Generate your very own "Leichte Sprache" images by creating a dataset and fine-tune SDXL. This repository will lead you through the process of dataset-creation, fine-tuning, image-generation and evaluation. It consists of 4 directory:
- dataset-preparation: Scrape "Leichte Sprache" images with their descriptions and prepare folder-structure for fine-tuning. All in all 4 different variations of datasets are created.
- image-generation: Apply the LoRAs on SDXL from diffusers and generate images with the scraped image descriptions as prompts
- evaluation: Apply ImageReward and FID to your generated images
- storage: In this directory all the datasets and generated images are stored as well as an example configuration.toml for LoRA Fine-Tuning. Fell free to change the hyperparameters.
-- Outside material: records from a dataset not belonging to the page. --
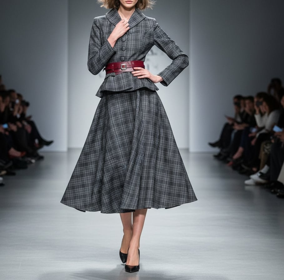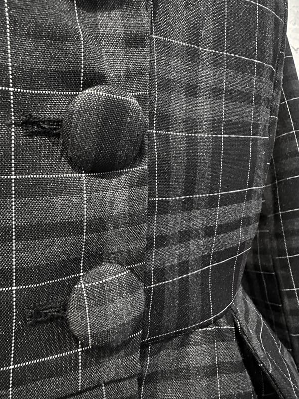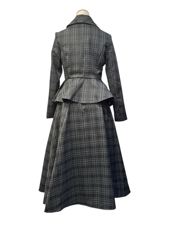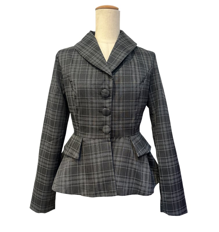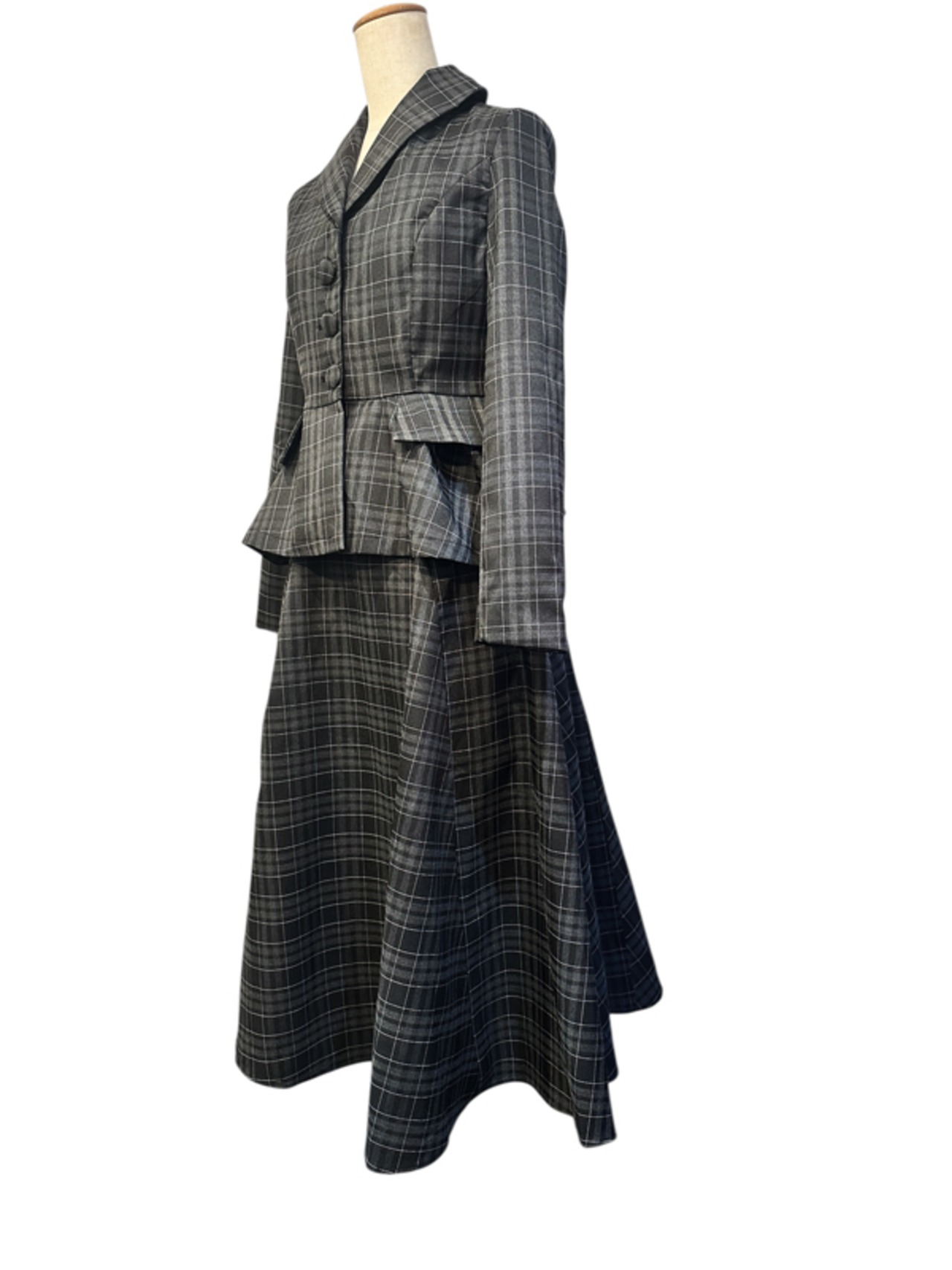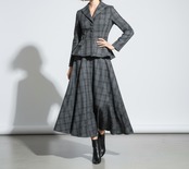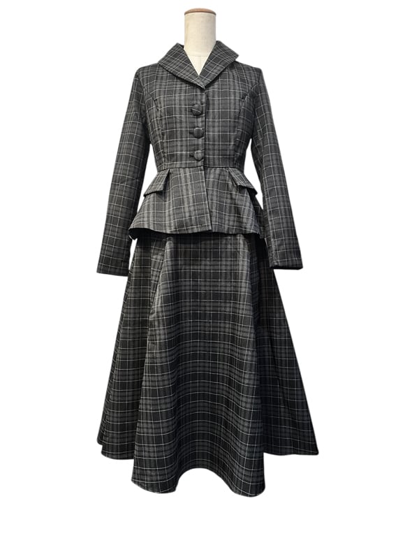 ■ディテール チェックパターン/スカートセットアップ/ペプラムジャケット/ロングスカート/フレアシルエット/ショールカラージャケット/スカートクロージャー:サイドジッパー/裏地あり
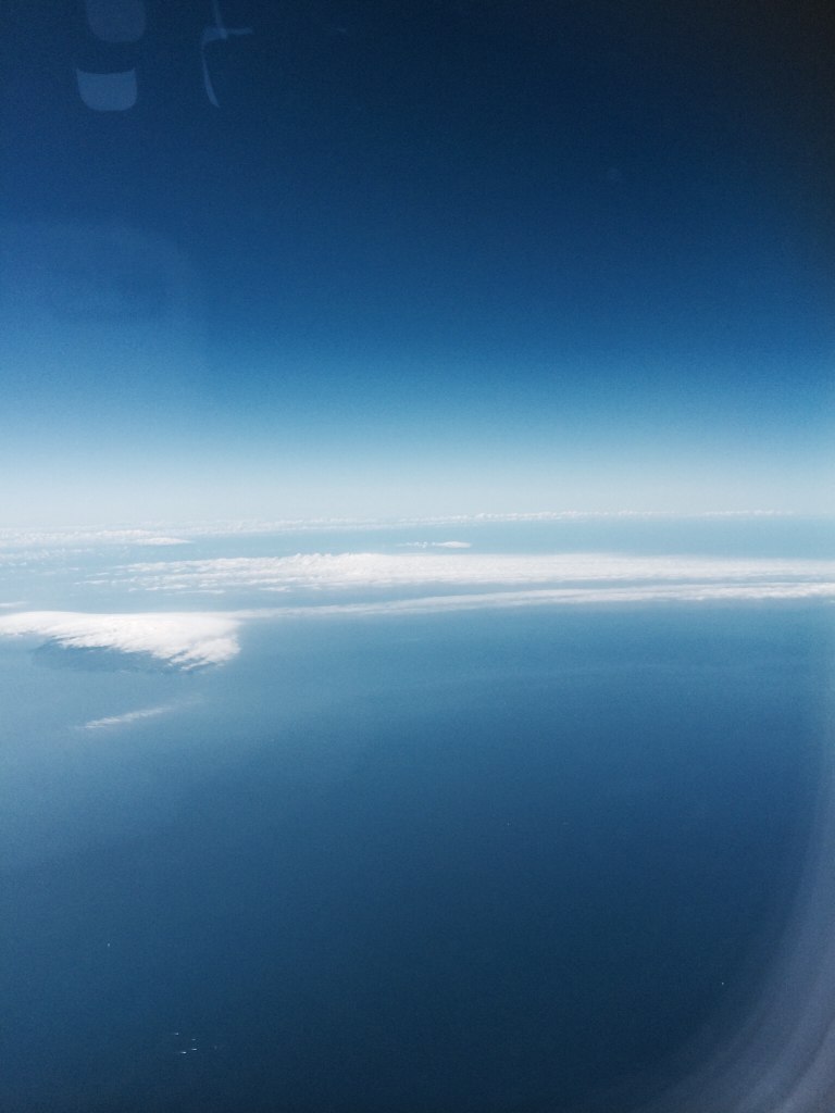 飛行機、いつもは通路側を取るのですが、今朝は珍しく窓側を。あいにく富士山は反対側でしたが海と山と空を見ながらボーッと。
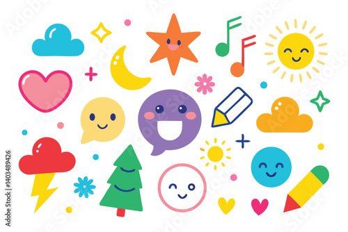 Obraz premium Cheerful Fun Elements Cartoon Clouds, Heart, Star, Sun, Notes, and Tree
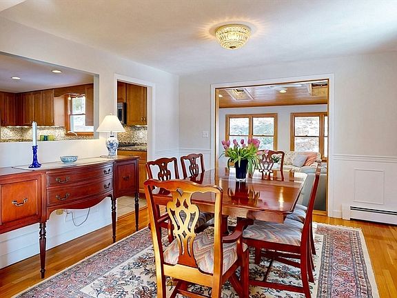Nestled in the sought-after Indian Hill development, this beautiful colonial offers a perfect blend of style and comfort. Its layout is ideal for both large gatherings and individual private retreats. The foyer opens to a spacious family room with a gas fireplace and bay window on the left, while a sun-filled living room with a matching bay window sits to the right. Adjacent is an entertainment-sized dining room. The heart of the home is the eat-in kitchen, which flows into a fireplaced, four-season sunroom overlooking a backyard oasis. A laundry room and half bath complete the first floor. Upstairs, the primary suite features a walk-in closet and en-suite bath. There are four additional bedrooms and a hall bath. The finished lower level includes another full bath, a fabulous large bonus room, and a pizza bar with a microwave, fridge, and ice maker. Located in a quiet neighborhood with sidewalks, near the Norfolk & Walpole trains, and Noon Hill Reservation’s 60 acres of scenic trails.
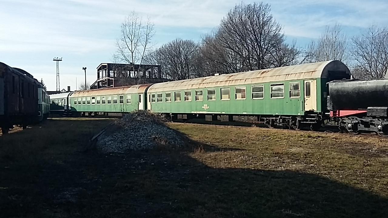 Stare wagony sypialne na bocznicy, na terenie parowozowni.
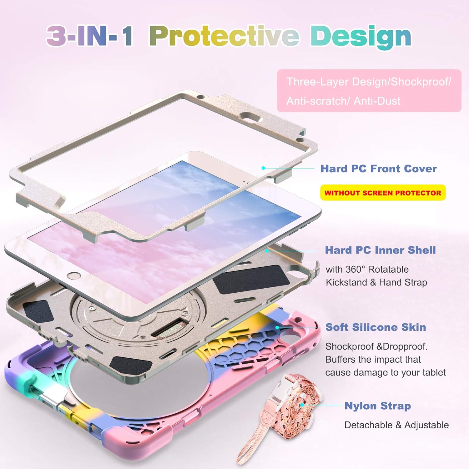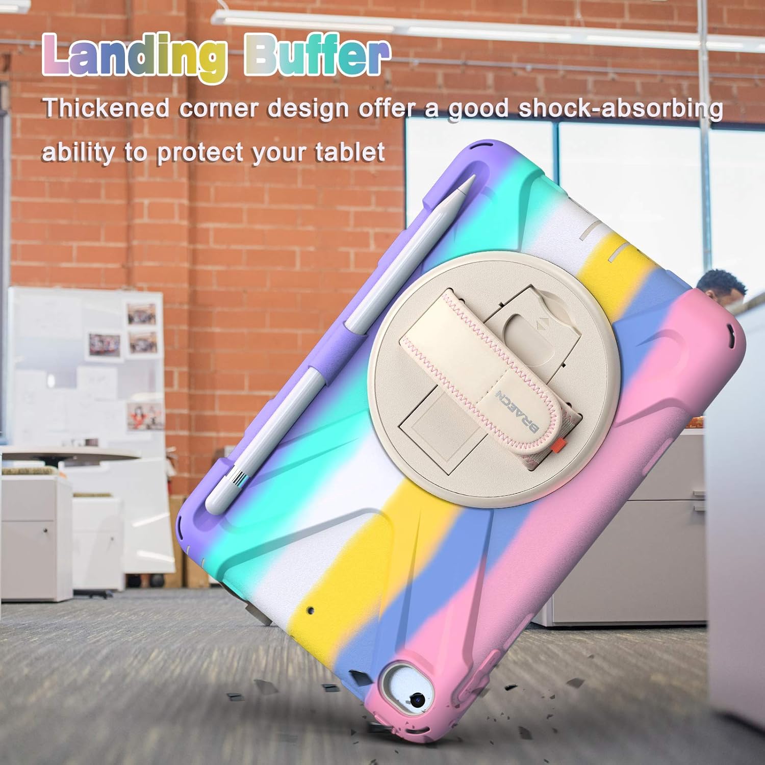 - Adjustable shoulder strap: By attaching strap to any two corners and adjusting to a comfortable length, ipad cover tablet can be carried in a landscape/portrait modes more securely during hiking, traveling or other outdoor activities. Also, strap allows to hang up your tablet behind car seat for entertainment for kids.
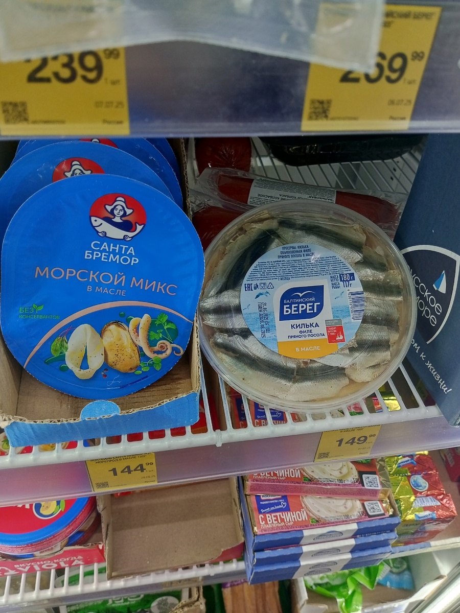 Нет, ну честное слово, я уже просто не успеваю покупать все новинки, что предлагает нам "Красное&Белое", вроде и без того каждые дня три заглядываю за покупками, а все равно каждый раз попадается хотя бы одна новинка. Дабы не тратить ваше время на мизерное количество обновлений в ассортименте, я подождала момента, пока соберется целая подборка, а потому теперь готова поделиться всем, что нашла в магазине в течении недели. Никаких анонсов новинок у магазина нет, никаких баннеров или листовок они не предлагают, так что привезенные впервые продукты нужно искать самостоятельно, а это не всем удобно. И каждый раз еще не знаешь где именно высматривать: то ли в холодильнике, то ли у кассы, то ли и вовсе среди игрушек или чего-то такого. Мои находки актуальны на начало-середину июля, но, думаю, что-то останется и на длительное время, все же в этот раз наконец-то уделили время продуктам, а не лимитированным товарам для детей. Настолько давно не видела ничего нового среди рыбной продукции, что у
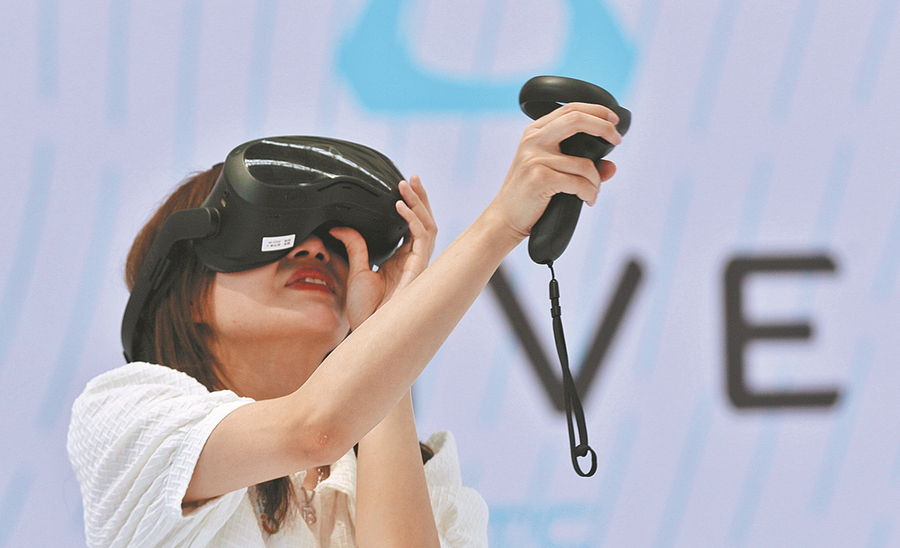 Seorang pengunjung bermain permainan VR di kawasan pameran HTC Corp semasa Konvensyen 5G Dunia 2022 di Harbin, provinsi Heilongjiang, pada bulan Ogos. (Foto: Zhang Shu/ China Daily)

- Install necessary packages
pip install -r requirements.txt - Create the basic dataset by following the notebook at dataset-preparation/create-dataset.ipynb
- Process the basic dataset and create different variations of it by following the notebook at dataset-preparation/process-dataset.ipynb
- (optional) you can find some suggests visualization steps in dataset-preparation/visualize-dataset.ipynb
- Fill in missing absolut paths in the fine-tuning configuration file storage/basic-lora-config.toml - you can vary the hyperparameters (e.g. reduce the batch size if you cuda runs out of memory)
- Clone the fine-tuning scripts repository for stable diffusion
cd ..
git clone https://github.com/kohya-ss/sd-scripts.git
and follow the instructions in its README.md to install necessary requirements - Start fine-tuning by
python sdxl_train_network.py --config_file=<absolut-path-to>/basic-lora-config.toml
- run generate_images in image-generation/generate-images.py with the base directory from one of the four dataset varies.
It will generate an image for each test image (<dataset-path>/test) and LoRA-Checkpoint (<dataset-path>/loras). The images will be saved in <dataset-path>/output/<checkpoint-name>.
- calculate fid-score by running calculate_fid in image-evaluation/frechet-inception-distance.py with the base directroy from one of the four dataset varies.
Keep in mind that you will need to have some generated images in <dataset-path>/output/<checkpoint-name> and <dataset-path>/test-images-only/<checkpoint-name> - calculate ImageReward-score by running calculate_image_reward in image-evaluation/image-reward.py with the base directroy from one of the four dataset varies.
Keep in mind that you will need to have some generated images in <dataset-path>/output/<checkpoint-name> and <dataset-path>/test-images-only/<checkpoint-name> - (optional) check the example visualization of ImageReward and FID in image-evaluation/visualize-evaluation.ipynb
This repository has been created as part of a bachelor's thesis titled 'Leichte Sprache und generative KI: Bilder als Unterstützung für Texte in Leichter Sprache.'
The dataset names in this repository follow a slightly different naming strategy. Below is a mapping of the dataset names:
| Name in repository | Name in thesis |
|---|---|
| translated-description_random-split | RS_D |
| generated-description_random-split | RS_IC |
| translated-description_category-split | CS_D |
| generated-description_category-split | CS_IC |
The original output is available at storage/CS_D/output, storage/CS_IC/output, storage/RS_D/output & storage/RS_IC/output.